4. The device according to any one of 1 to 3. 5. The electronic control and adjustment unit (26) provides the measured number of revolutions of the roller (5, 6) or roller pair (7, 8; 10, 11) based on a tachometer (25),
Rollers in the doffer area (5,6,7,8,9,10,1
5. The device according to claim 1, further comprising storage means for storing the dependence of 1) on the number of revolutions to be adjusted. 6. Rollers (5, 6) or roller pairs (7,
8; 11,12; 35,36) for each motor (19,23,28,29,30) corresponding dependency curves are stored in said storage means.
6. The device according to any one of 1 to 5. 7. An electric signal for adjusting the rotational speed is sent from the electronic control and adjustment unit (26) to the respective motor (1).
9. 23, 28, 29, 30) delivered to a motor regulator (20) associated with the motor control (20).
The device according to paragraph. 8. The device according to claim 1, wherein the electrical signal for changing the rotational speed is the changed target rotational speed. 9. A device according to claim 1, wherein another electric motor drives the calender roller of the Kenskoyler. 10. A tachometer is a delivery roller (11,
12. A motor (23) for 12) is associated with the motor.
10. The device according to any one of 1 to 9. 11. The rollers in the doffer area are driven by an electric motor having an electronic motor adjuster with target value adjusting means, and the rollers in the doffer area are associated with a tachometer connected to the motor adjuster to provide a feed speed control. In the production control device for the card of textile fiber such as cotton, chemical fiber, etc., which can be adjusted by changing the rotation speed of the electric motor with respect to the doffer area, etc. The transmission (3) in which the roller pair (7, 8; 11, 12) is steplessly adjustable by the electric motor (19) having the electric motor adjuster (20).
4), a tachometer (25) associated with the electric motor (19) is connected to the draft adjusting means (22) and this draft adjusting means (22) is connected when the roller speed changes. Automatically change the draft between rollers (5, 6) or roller pairs (7, 8; 10, 11) driven independently of each other based on a tachometer (25) apparatus. 12. Device according to claim 11, wherein a servomotor (37) is associated with the transmission (34) for adjustment. 13. A roller in the doffer area is driven by an electric motor having an electronic control and adjustment unit and a target value adjusting means, and one roller in the doffer area is associated with a tachometer connected to the motor adjuster to provide a supply. 2. A change in speed is effected, for example, by a change in the speed of rotation of the motor in the doffer area, and further a specific draft can be adjusted.
13. The production control device for a card of textile fiber such as cotton and chemical fiber according to any one of 1 to 12, wherein the rollers (5, 6) (doffer, stripping roller) or roller pair (7, 8; 11, 12)
(Nip roller, delivery roller) can be driven by two or more independent electric motors (19, 23) having electric motor adjusters (20, 24), the electric motor (23)
A tachometer (25) associated with is connected to the draft adjusting means (22), and this draft adjusting means (22) is automatically based on the tachometer (25) when the roller speed changes.
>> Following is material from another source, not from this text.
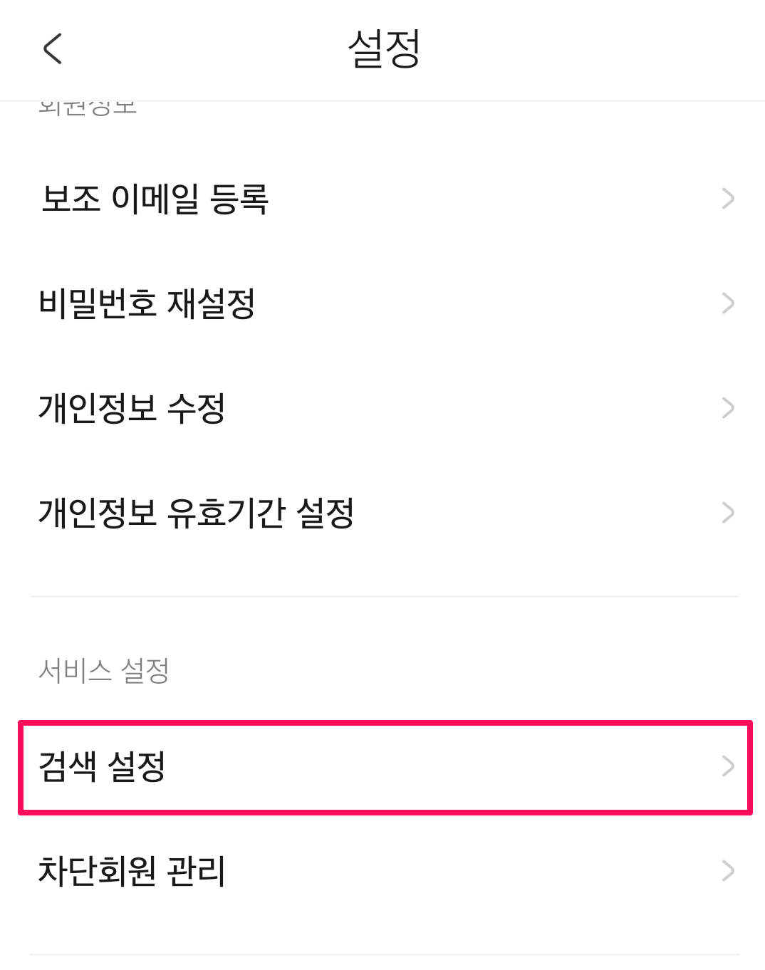 ▼ 설정에 들어가서 검색 설정을 변경합니다.

Independently driven rollers (5,
6) or a device characterized by changing the draft between roller pairs (7, 8; 11, 12). 14. A signal generator (42) for varying the feed rate.
The device according to any one of claims 1 to 13, which is performed corresponding to. 15. The device according to claim 1, wherein the signal generator (42) is associated with a means (39) for storing the feed rate. 16. The signal generator (42) comprises a can (41).
The device according to any one of claims 1 to 15, wherein the device is a filling amount measuring element.